For me, I hold my anger in, refuse it a voice, turn it onto myself... for fear of rejection, abandonment, and hurting another. I (and it sounds like Mona) don't believe it is safe to let others see it because it is too much and the cost if it goes bad is too high. I need to know through repeated exposure, that my T will not reject me because I let her see parts of me that I struggle with, parts of me I hate. I feel that it is through these repeated exposures, I will learn that it is not too much and I am safe with sharing these intense feelings. ... THEN and only then, I believe I will be able to hear and learn how to share them in ways that are helpful and healthy not only for the person receiving them but also for myself. I believe in this concept because one of the reasons the explosions happen is because of not feeling safe enough to express things at the little hurts, when they are not so intense. So, it becomes a series of waves that amplify until they crash through the barriers and I can no longer hold them in.
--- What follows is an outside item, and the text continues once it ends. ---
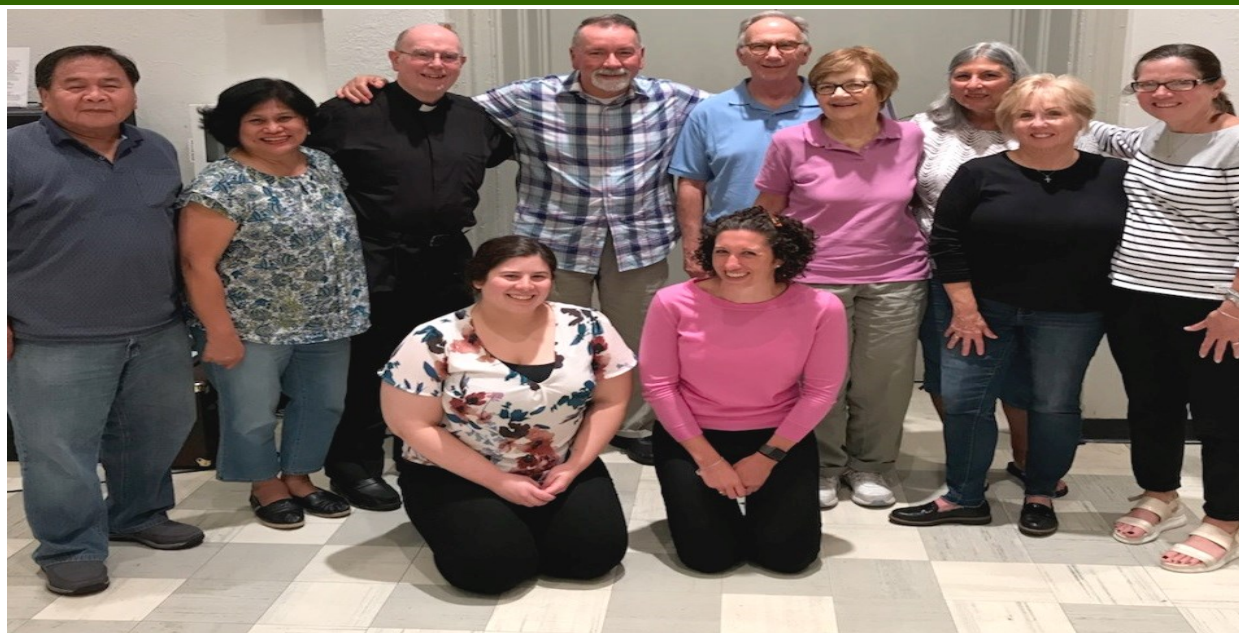
Gift of Life Family House ♥ "Home Cook Heroes" from Saint Augustine Parish

St. Augustine Parish is an open, diverse, and active Roman Catholic community rooted in the Gospel of Jesus Christ and founded in the Augustinian Tradition. We invite all to participate in our worship, service to others, and our faith development. These endeavors allow us to grow in the knowledge of God present in ourselves and each other. Our community joyfully welcomes all who are searching for a spiritual center to call home.

This links back to something I briefly shared with my T and I sort of posted here - I was often left alone with my negative emotions as a young child. No one would come help soothe me or help me understand why I was feeling what I was feeling. No one witnessed or sat with me, so I learnt ways of dealing with them on my own. My ways have not be horrible in the sense that I've not hurt someone in anger, I've not walked off a job, or been fired because of anger issues. I did eat myself to level 3 obesity (BMI > 55)... and other things. I am looking to my T to sit with me when these moments happen and talk me through them, support me through them, and teach me how have them without hurting myself, another person, or the relationship between us.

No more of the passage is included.